◆ EXERCISE
Would you return exactly the lines below from the line with "- Áo Dài chất" through the line with "トレンチコート¥154,000(カルメイヤー)、デニムパンツ¥40,700(シチズン オブ ヒューマニティ/共にアパルトモン", both included, and nothing else, leaving out the pictures?

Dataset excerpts
--

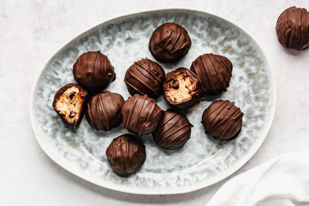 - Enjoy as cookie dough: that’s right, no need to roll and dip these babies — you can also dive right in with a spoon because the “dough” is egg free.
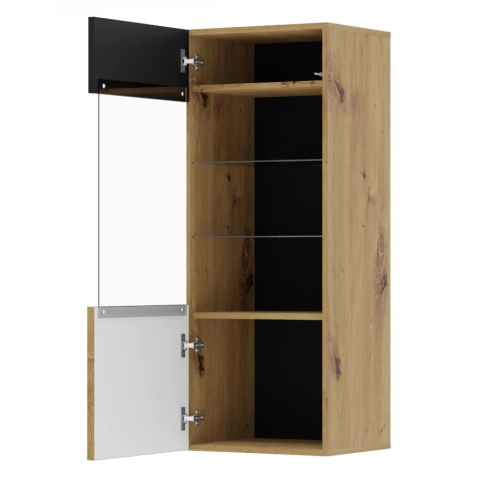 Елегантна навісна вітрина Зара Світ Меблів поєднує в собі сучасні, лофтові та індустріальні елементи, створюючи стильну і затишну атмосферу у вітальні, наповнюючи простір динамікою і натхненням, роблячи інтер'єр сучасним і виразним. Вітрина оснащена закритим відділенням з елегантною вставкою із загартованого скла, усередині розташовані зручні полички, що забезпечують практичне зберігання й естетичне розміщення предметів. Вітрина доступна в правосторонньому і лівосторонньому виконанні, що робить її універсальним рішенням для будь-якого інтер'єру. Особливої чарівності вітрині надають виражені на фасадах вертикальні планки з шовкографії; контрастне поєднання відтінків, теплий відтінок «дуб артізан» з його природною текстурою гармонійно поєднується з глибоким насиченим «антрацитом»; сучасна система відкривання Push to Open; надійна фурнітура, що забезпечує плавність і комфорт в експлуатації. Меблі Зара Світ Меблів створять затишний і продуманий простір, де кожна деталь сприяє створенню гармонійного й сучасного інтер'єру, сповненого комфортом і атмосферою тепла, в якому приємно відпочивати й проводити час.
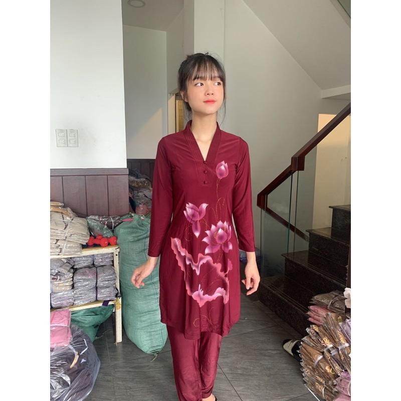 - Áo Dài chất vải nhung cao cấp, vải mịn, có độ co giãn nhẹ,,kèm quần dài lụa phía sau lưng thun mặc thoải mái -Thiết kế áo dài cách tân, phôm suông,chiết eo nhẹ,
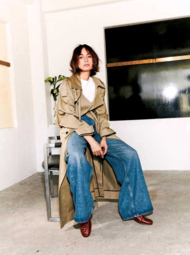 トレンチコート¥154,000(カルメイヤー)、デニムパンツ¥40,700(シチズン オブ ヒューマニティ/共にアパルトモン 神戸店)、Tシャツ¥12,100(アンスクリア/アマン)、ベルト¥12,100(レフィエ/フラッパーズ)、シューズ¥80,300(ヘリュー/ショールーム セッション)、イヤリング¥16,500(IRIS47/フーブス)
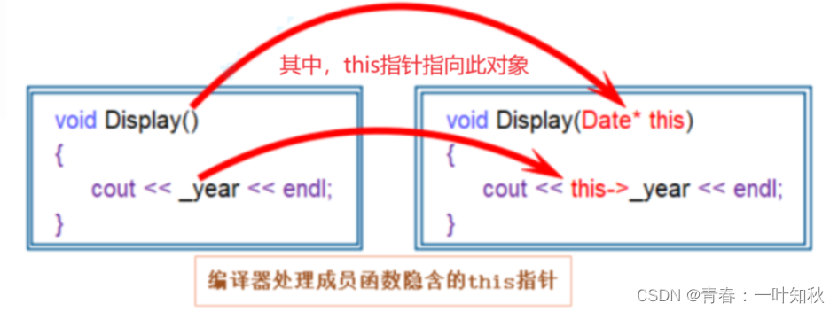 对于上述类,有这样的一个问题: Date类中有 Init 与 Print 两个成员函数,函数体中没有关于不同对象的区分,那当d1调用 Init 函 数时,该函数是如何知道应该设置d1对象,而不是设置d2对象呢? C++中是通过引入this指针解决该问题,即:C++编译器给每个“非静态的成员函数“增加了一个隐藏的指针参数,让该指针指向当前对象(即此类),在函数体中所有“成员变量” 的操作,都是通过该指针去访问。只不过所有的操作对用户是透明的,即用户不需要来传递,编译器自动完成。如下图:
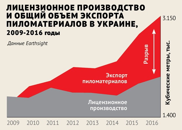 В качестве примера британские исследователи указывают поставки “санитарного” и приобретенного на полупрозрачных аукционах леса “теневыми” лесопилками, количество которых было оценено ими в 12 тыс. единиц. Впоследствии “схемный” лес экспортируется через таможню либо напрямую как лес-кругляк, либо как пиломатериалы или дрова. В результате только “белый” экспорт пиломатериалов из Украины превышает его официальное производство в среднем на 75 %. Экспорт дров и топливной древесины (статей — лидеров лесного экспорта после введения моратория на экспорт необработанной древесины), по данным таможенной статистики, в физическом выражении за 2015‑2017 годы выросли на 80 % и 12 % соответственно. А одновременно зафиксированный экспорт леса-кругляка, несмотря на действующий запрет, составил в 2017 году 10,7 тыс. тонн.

--

◆ ANSWER SECTION
 - Áo Dài chất vải nhung cao cấp, vải mịn, có độ co giãn nhẹ,,kèm quần dài lụa phía sau lưng thun mặc thoải mái -Thiết kế áo dài cách tân, phôm suông,chiết eo nhẹ,
 トレンチコート¥154,000(カルメイヤー)、デニムパンツ¥40,700(シチズン オブ ヒューマニティ/共にアパルトモン 神戸店)、Tシャツ¥12,100(アンスクリア/アマン)、ベルト¥12,100(レフィエ/フラッパーズ)、シューズ¥80,300(ヘリュー/ショールーム セッション)、イヤリング¥16,500(IRIS47/フーブス)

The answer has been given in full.